= Gandhi Memorial Asram =

Heritage institution in West Bengal

Gandhi Memorial Asram popularly known as Sodepur Khadi Ashram is a heritage institution of Sodepur, Panihati, North 24 Parganas in the Indian state of West Bengal.

==History==
This Ashram was established in 1924 by the Gandhian activist, scientist and inventor, Satish Chandra Dasgupta, former superintendent of Bengal Chemicals. This was founded as a Khadi Pratisthan. The institution occupies an important place in Indian Freedom Struggle and which Mahatma Gandhi himself called his second home like Sabarmati Ashram.
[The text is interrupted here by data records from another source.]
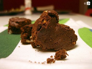 Miljan čisti sneg i sve je obojeno u belo. Simka i Rudi trče oduševljeno po ulici. Branki ima prljavu fleku na ledjima pa se raspoznaje. Ispekla sam brownies sa čokoladom, džemom od borovnice, indijskim, brazilskim orasima i kikirikijem. Sve miriše na čokoladu.U kući je toplo i srećno.Sastojci:Recept preuzet ovde.250 g putera200 g čokolade za kuvanje200 g mešavine seckanih kikirikija, indijskih i brazilskih oraha80 g kakaa65 g brašna300 360 g šećera4 jaja2 kašičice džema od borovnice1 kašičica praška za pecivoUključiti rernu na 180 stepeni.Na pari otopiti puter i čokoladu i na kraju dodati seckane orahe i kikiriki. Sve dobro izmešati.U činiji pomešati kakao, brašno, prašak za pecivo i šećer. Ovoj mešavini dodati otopljenu čokoladu, puter i orahe i džem. Mikserom dobro izmešati, dodati umućena jaja i nastaviti mikserom mešanje dok se ne dobije svilenkasta konzistencija.Smesu izručiti u tepsiju u kojoj se već nalazi papir za pečenje (25x40cm) i peći oko 25 min. Brownies treba da budu spolja hrskavi a iznutra blago žitki. Zabodite čačkalicu u sredinu. Kada je izvučete treba na njoj da ostanu tragovi brownies-a.Kada se potpuno ohlade, iseći na deblje kocke ili pošto se bliži Dan zaljubljenih, možete ih modlom oblikovati u srca.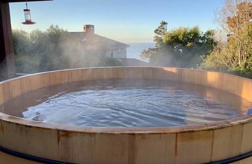 The property is over half an acre and completely fenced - offering plenty of space for kids and dogs to play! The fence is 5 to 6 feet tall and should work for most dogs except for determined escape artists. A wrap around deck offers views of the Gualala River, Pacific Ocean, and California coast. Cedar wood hot and cold tubs for hydrotherapy on the deck - on a clear night the stars and Milky Way are on full display. Start with the hot and then the cold - alternate back and forth to feel like a million bucks. The deck has two picnic tables and a gas grill. A tree platform in the backyard provides unobstructed views of the river and the ocean - a great spot to read and nap in the hammocks.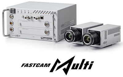 FASTCAM Multiは、1台のメインユニットに2台のカメラヘッドを接続するだけで、複雑な配線や設定なしで簡単に2台同期撮影を行うこともできるため、DIC(デジタル画像相関)システムはもとより、その他の3次元動画解析、多アングル撮影などにも最適なシステムとなっている。

He visited the place several times during the period of 1939 to 1947. Topmost leader of Indian National Congress came here. Dr. Rajendra Prasad, Subhas Chandra Bose, Jawahar Lal Nehru, Vallabhbhai Patel, Sarat Chandra Bose, Syama Prasad Mukherjee, G. D. Birla, Khan Abdul Gaffar Khan, Sarojini Naidu, Huseyn Shaheed Suhrawardy visited the Ashram time to time. Subhash Chandra took his decision to leave Congress, launched All India Forward Bloc after the historic three days meeting held at Gandhi Memorial Asram.